Яков купил бутылку красного в лавочке напротив входа на рынок и, выйдя на улицу, не сразу направился домой. Он стоял, уставясь в землю, и ветер, просыпающийся на закате, трепал его спутанные волосы. Сторонний наблюдатель мог бы подумать, что Яков решает проблему закуски: что лучше — теплый лаваш и банка оливок или несколько головок зеленого лука в придачу к белой ноздреватой брынзе… А может, купить того и другого? Но все обстояло не так-то просто… Яков не хотел идти домой. В сумерки две его комнатки становились серыми от вечерней печали, и потому в конце концов приняв решение, он свернул в ближайший проулок и вышел к крохотной площади, окруженной покосившимися домами со ржавыми решетками на окнах — когда-то в конце прошлого века, может быть, они и были новыми, но в это верилось с трудом: казалось, они и родились уже дряхлыми, как старый еврей в ермолке.
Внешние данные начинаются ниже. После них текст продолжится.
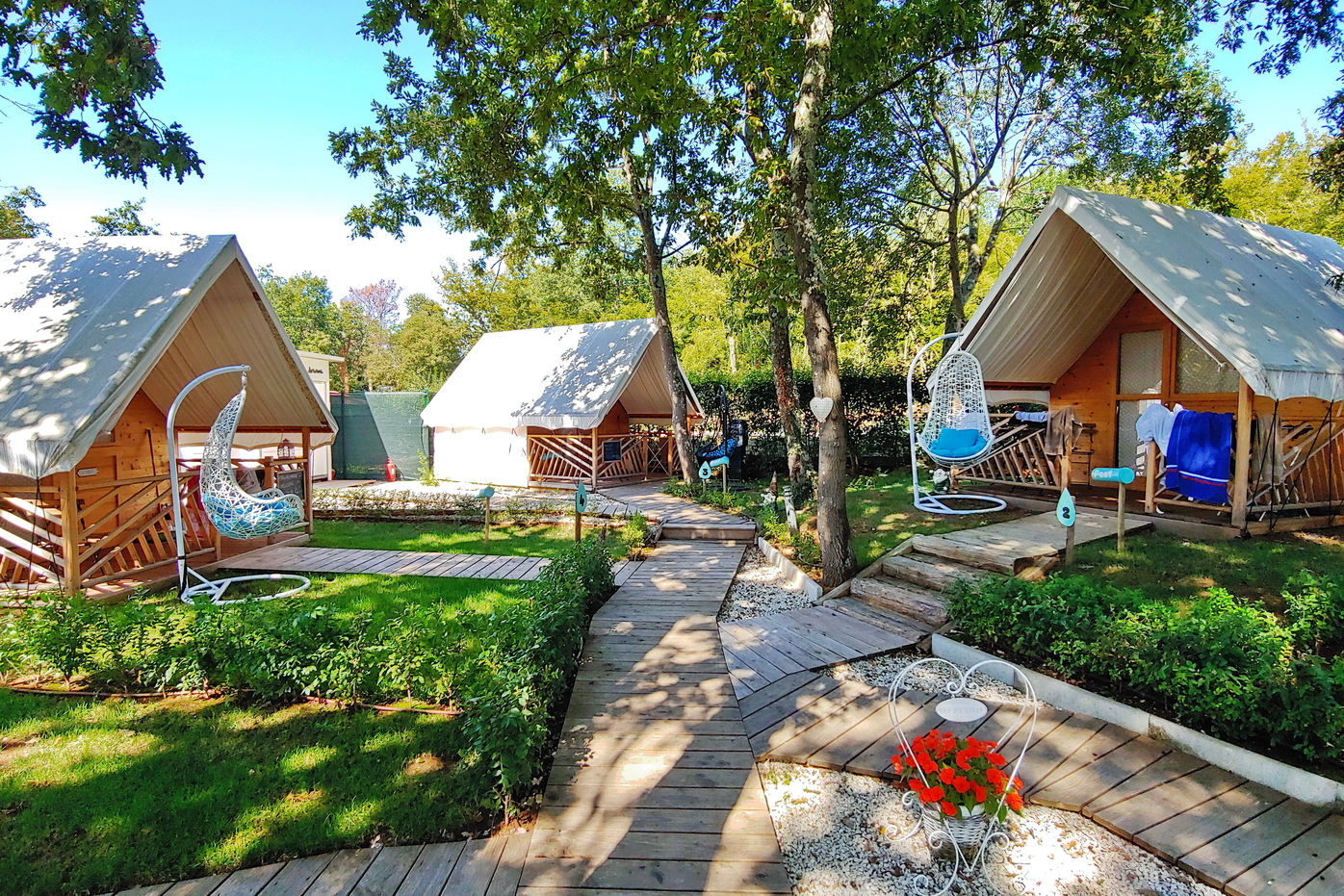 Er zijn verschillende accommodaties beschikbaar op de camping, variërend van eenvoudige tenten tot meer luxe glampingtenten. Daarnaast kun je ook luxe stacaravans boeken, inclusief privéjacuzzi of zelfs een zwembad. Benieuwd naar de mogelijkheden en prijzen van deze zeer gewaardeerde camping? Vergelijk dan eens de beschikbaarheid en de prijzen van de onderstaande reisaanbieders!
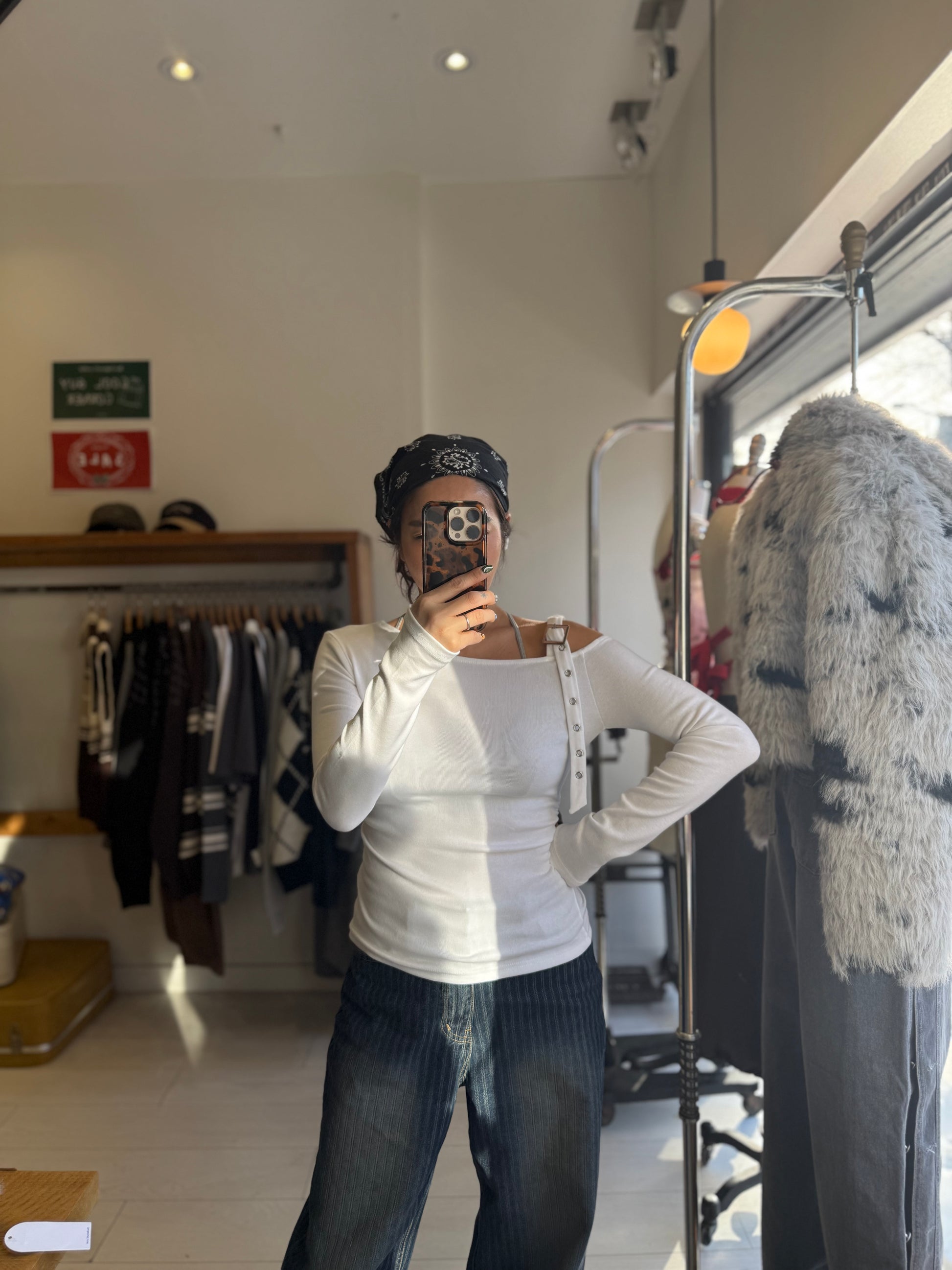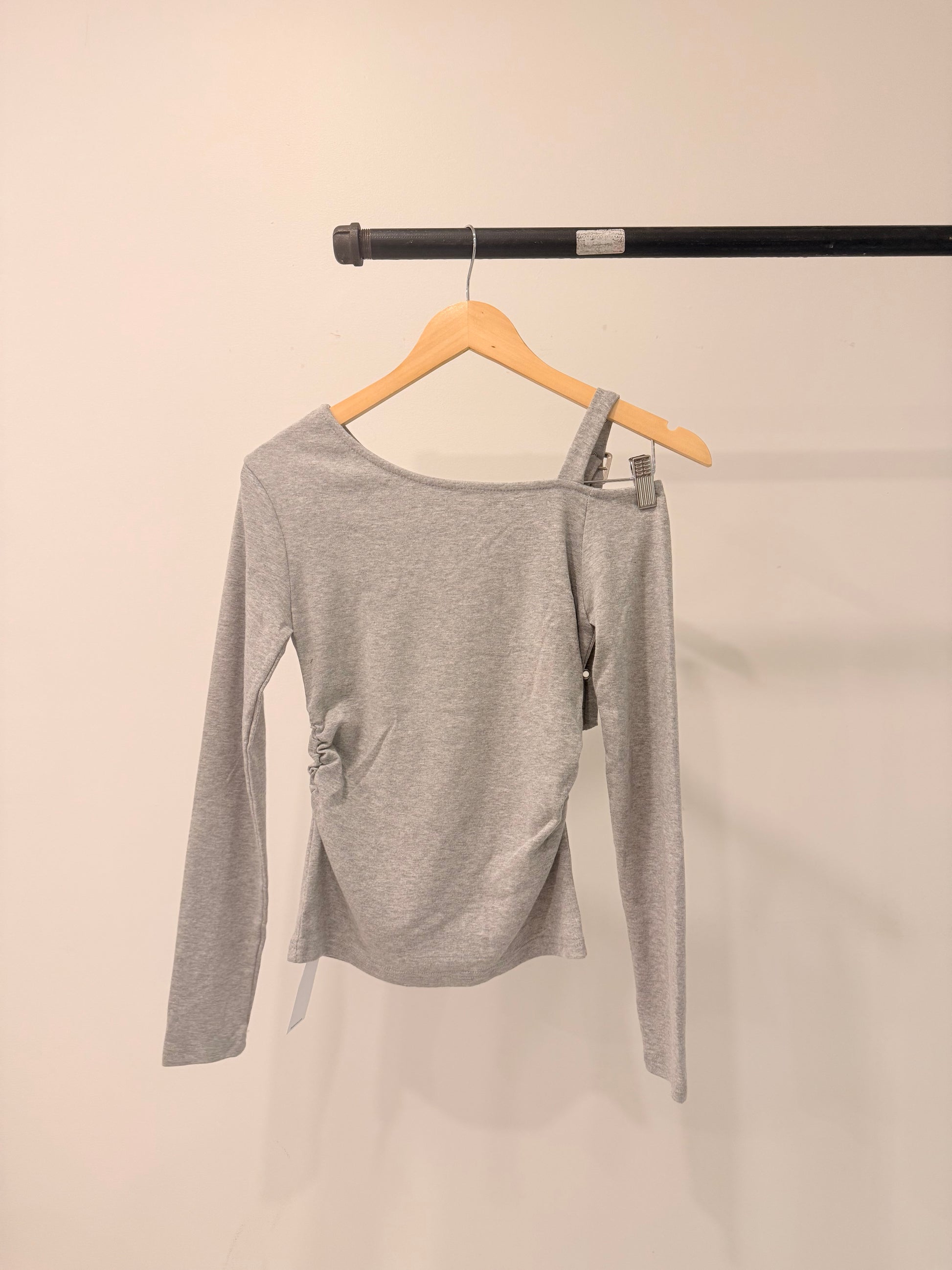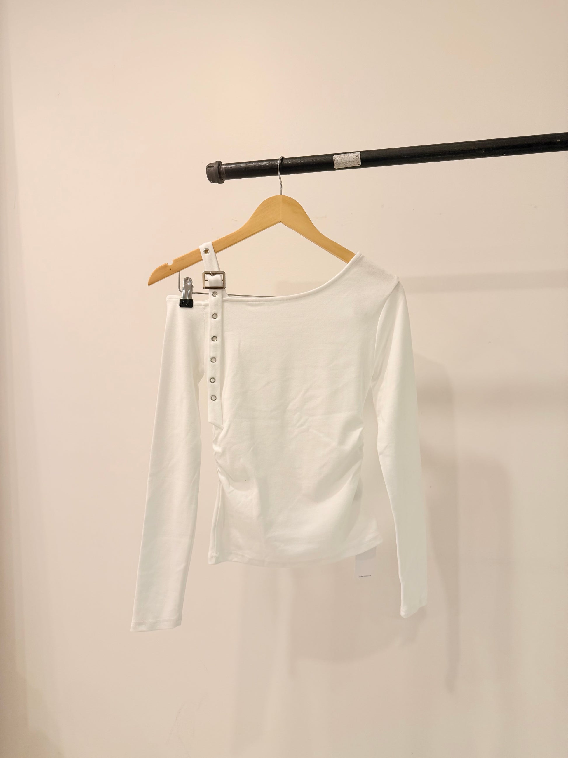 We love an intentional asymmetry moment and a plunging off-the-shoulder neckline! The belted strap detail is just the cherry on top. Introducing our ultimate cool-girl top—so alt and undeniably cute.

На заплеванных скамейках в сквозной тени тощих кустов сидели, как всегда, несколько пьяниц — кто спал, повалившись на скамью, а кто продолжал выяснять отношения, с сумрачным блеском в глазах то хватаясь за стакан, причмокивая и громко икая, то протягивая руки к собутыльнику. Сюда забредали румыны и балканцы, бывали и русские с братьями украинцами и белорусами — все, кого случайно занесли в Палестину волны военных невзгод и еврейской репатриации. Бывали здесь и местные — беглые монахи, недоучившиеся ешиботники. Сегодня звучал их базарный иврит вперемежку с цитатами из Танаха.
Яков сел с края, и сколупнув пробку-бескозырку, стал медленно пить из горла — денег на закуску нет, так что надо вкушать не спеша, ощущая небом и языком терпкую горечь, приникая к ней, сливаясь с ее вязким темным потоком. Откуда-то, из дальних краев прилетают темные птицы, кружат, кружат над землею и вдруг — ныряют вниз, опускаются на гнущиеся под их тяжестью ветви. Они склевывают ягоды, одну за другой, и клювы их становятся красны от сока…
— Эй! Ты можешь подвинуться?
Он открыл глаза. Прямо перед ним стояла женщина, и она говорила по-русски.
— Могу, — сказал он, — только зачем?
— Я хочу сесть, — сказала она.
— Но разве здесь мало места?
— Но они все чучмеки какие-то. Ты один похож на человека. Видишь, и по-русски говоришь.
— Говорю, — сказал он. — Только какой в этом прок?
— Ты всегда задаешь глупые вопросы или только сейчас? — проговорила она раздраженно, и села.
Не отвечая, он приложился к бутылке.
— Дай, — протянула руку, и он вложил бутыль в ее теплую ладонь. Припав к горлу, сделала пару глотков.
— Фу… Какая кислятина!
— Много ты понимаешь,
— А ты откуда, такой ученый?
— Ниоткуда.
— Нет, правда…
— Правда. Я ниоткуда. И никто.
— Такого не бывает. Вот я, например, из Твери.
— Хороший город. Там приличная пересылка.
— А… так ты сидел?
— Сидел. Как тебя зовут-то?
— Лена… — проговорила она нараспев и, задрав высоко бутылку, сделала глоток. Закашлялась.
— О, черт! — ударил с размаху по ее тощей спине. — Не умеешь, не пей!
— Ты, я вижу, большой умелец! — прохрипела она, и умолкла. Темнота сгустилась. На соседней скамье под тусклой лампой, зависшей среди ветвей, спал, посвистывая и свесив на грудь кудлатую голову в кипе, разбухший от перепоя и неподвижности ешиботник.
— Улетели…
— Кто?
— Птицы.
— Какие птицы?
— Бог с ними… Лучше скажи, как ты попала в Иерусалим?
— Как богомолка. У них договоренность какая-то есть.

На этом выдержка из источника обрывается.